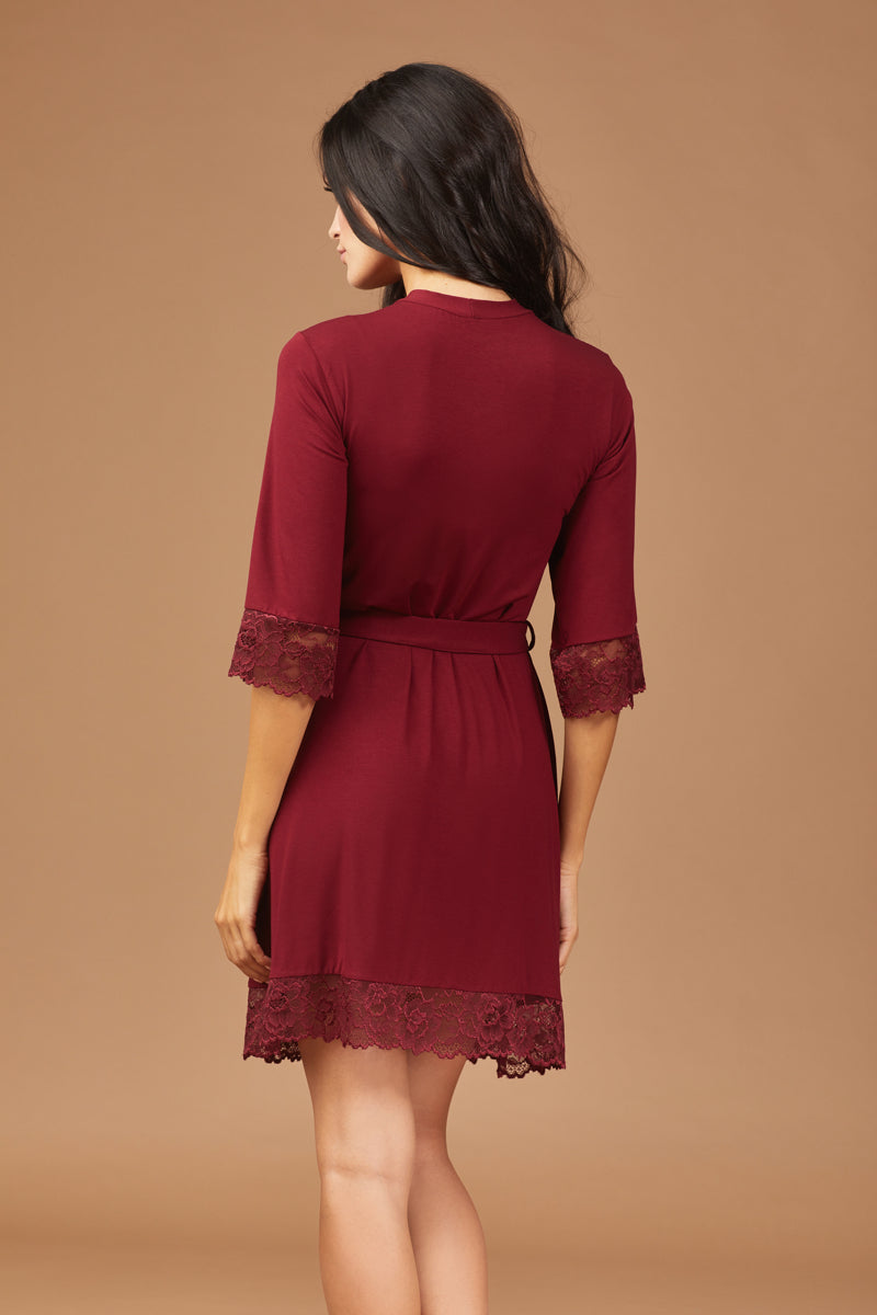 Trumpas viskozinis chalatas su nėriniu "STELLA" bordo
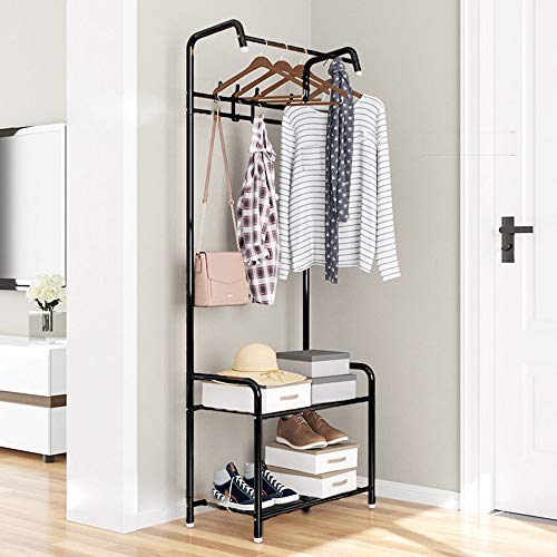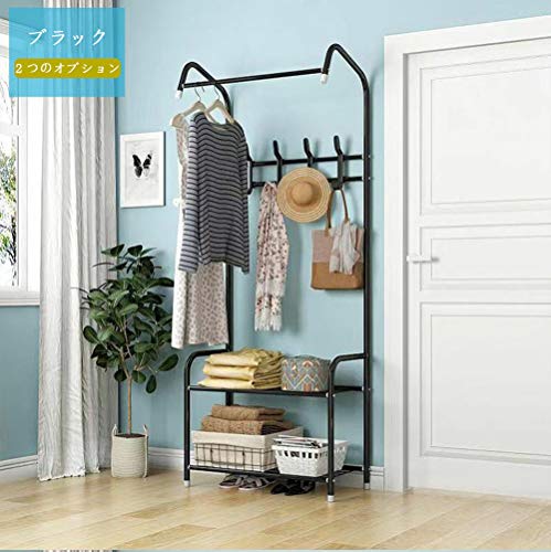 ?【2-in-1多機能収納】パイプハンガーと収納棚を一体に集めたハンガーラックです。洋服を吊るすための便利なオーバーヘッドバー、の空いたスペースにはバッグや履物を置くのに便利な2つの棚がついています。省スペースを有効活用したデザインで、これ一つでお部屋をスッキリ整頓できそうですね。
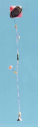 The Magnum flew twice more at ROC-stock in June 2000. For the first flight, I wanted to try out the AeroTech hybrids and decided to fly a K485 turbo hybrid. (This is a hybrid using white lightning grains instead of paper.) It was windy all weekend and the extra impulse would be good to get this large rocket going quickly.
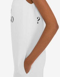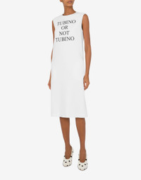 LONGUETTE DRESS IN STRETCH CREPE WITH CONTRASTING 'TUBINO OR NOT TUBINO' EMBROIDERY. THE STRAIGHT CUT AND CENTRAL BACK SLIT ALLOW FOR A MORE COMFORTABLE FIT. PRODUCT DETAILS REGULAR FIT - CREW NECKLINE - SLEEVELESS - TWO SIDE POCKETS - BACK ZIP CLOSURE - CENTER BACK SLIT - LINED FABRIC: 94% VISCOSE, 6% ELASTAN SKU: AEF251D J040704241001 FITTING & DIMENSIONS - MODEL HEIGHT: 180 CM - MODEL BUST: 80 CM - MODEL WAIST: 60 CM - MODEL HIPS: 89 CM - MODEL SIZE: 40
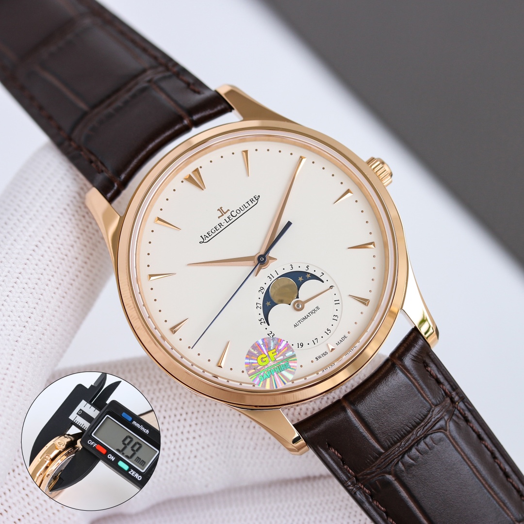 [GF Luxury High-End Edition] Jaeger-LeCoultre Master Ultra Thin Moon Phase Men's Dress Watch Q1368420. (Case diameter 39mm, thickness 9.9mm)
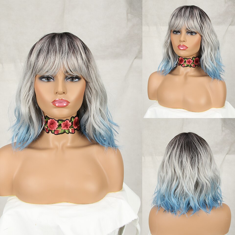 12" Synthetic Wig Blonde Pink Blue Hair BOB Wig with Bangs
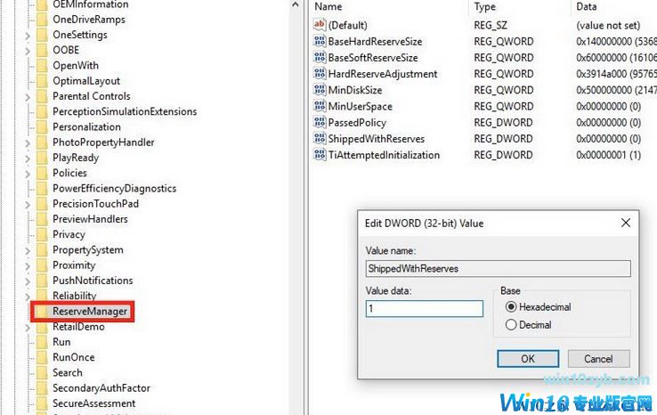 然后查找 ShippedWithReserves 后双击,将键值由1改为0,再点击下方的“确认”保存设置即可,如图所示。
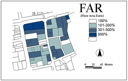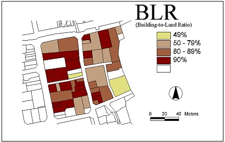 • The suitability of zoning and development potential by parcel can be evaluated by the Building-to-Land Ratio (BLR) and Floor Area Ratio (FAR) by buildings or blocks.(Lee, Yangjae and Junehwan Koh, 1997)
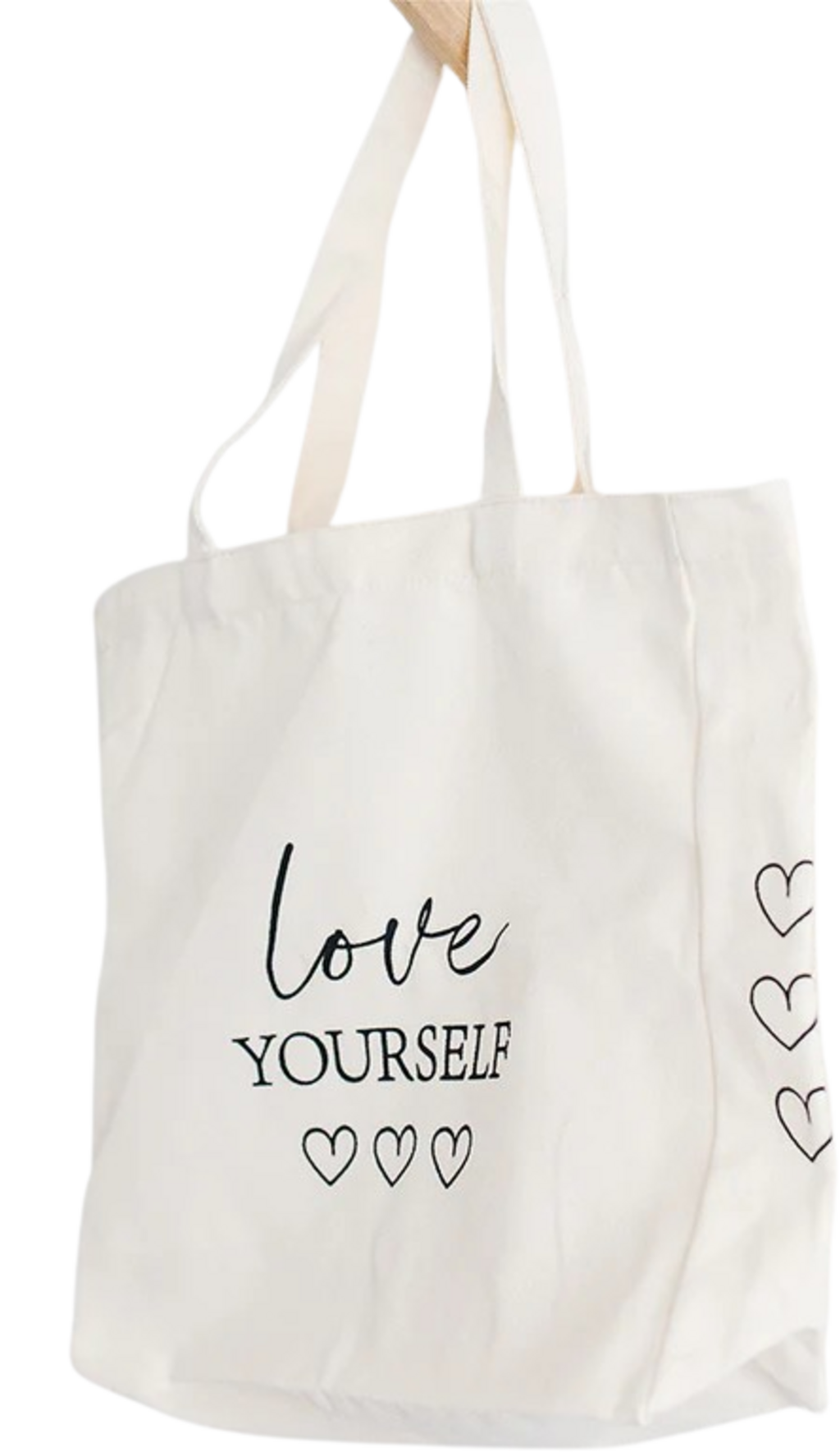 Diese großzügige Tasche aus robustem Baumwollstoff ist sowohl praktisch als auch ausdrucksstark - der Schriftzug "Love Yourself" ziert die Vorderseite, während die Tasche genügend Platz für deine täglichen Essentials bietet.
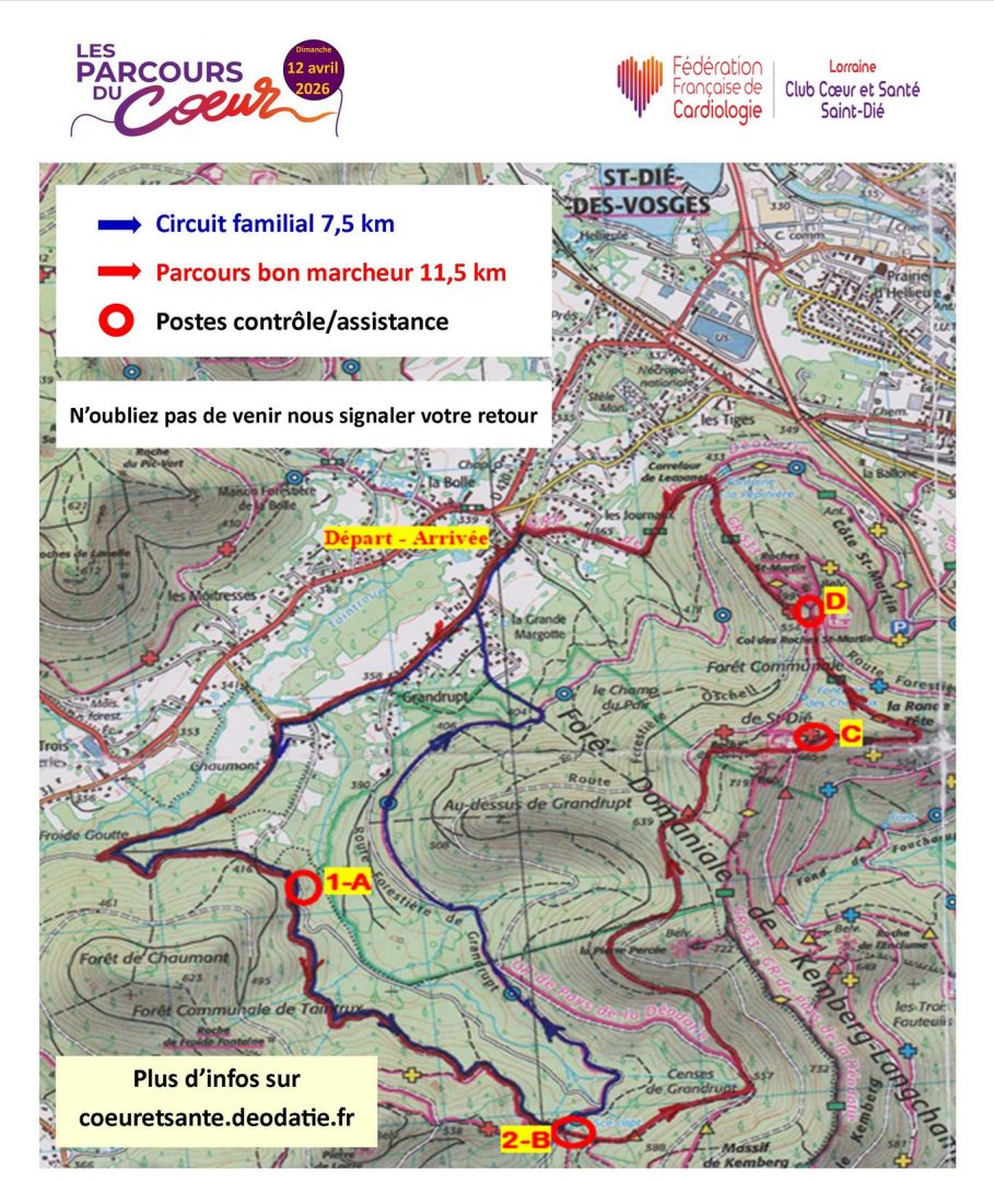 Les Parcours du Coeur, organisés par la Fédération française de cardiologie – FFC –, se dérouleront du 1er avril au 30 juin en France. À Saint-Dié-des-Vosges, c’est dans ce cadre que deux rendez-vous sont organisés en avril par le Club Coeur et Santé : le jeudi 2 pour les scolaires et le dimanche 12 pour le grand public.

- - - - - - -

Leaving every picture out, return the lines from the one containing "Diese großzügige Tasche" through the last line of the records exactly.

 Diese großzügige Tasche aus robustem Baumwollstoff ist sowohl praktisch als auch ausdrucksstark - der Schriftzug "Love Yourself" ziert die Vorderseite, während die Tasche genügend Platz für deine täglichen Essentials bietet.
 Les Parcours du Coeur, organisés par la Fédération française de cardiologie – FFC –, se dérouleront du 1er avril au 30 juin en France. À Saint-Dié-des-Vosges, c’est dans ce cadre que deux rendez-vous sont organisés en avril par le Club Coeur et Santé : le jeudi 2 pour les scolaires et le dimanche 12 pour le grand public.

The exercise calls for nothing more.